### SOURCE MATERIAL
╭──
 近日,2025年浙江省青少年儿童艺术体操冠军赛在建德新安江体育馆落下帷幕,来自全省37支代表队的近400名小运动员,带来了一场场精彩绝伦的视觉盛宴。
╰──
╭──
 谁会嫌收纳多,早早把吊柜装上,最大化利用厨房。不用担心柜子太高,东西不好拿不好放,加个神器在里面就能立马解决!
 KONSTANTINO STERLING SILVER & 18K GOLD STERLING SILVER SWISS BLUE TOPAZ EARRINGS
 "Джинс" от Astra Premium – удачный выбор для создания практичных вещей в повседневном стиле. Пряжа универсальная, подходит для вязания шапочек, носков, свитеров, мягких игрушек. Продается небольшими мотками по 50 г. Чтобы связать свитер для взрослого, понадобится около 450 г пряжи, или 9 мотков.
╰──
╭──
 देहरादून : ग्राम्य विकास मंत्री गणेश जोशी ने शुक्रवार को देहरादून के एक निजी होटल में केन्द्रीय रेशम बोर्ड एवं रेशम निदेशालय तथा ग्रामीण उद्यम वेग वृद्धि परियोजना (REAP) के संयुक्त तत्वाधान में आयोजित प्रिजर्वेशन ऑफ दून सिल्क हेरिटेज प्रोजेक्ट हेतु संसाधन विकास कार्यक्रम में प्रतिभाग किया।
╰──
### TASK TO CARRY OUT
Go through the material above and output exactly the lines from the one containing "谁会嫌收纳多,早早把吊柜装上" through the one containing "или 9 мотков.".

### RESPONSE TO THIS TASK
 谁会嫌收纳多,早早把吊柜装上,最大化利用厨房。不用担心柜子太高,东西不好拿不好放,加个神器在里面就能立马解决!
 KONSTANTINO STERLING SILVER & 18K GOLD STERLING SILVER SWISS BLUE TOPAZ EARRINGS
 "Джинс" от Astra Premium – удачный выбор для создания практичных вещей в повседневном стиле. Пряжа универсальная, подходит для вязания шапочек, носков, свитеров, мягких игрушек. Продается небольшими мотками по 50 г. Чтобы связать свитер для взрослого, понадобится около 450 г пряжи, или 9 мотков.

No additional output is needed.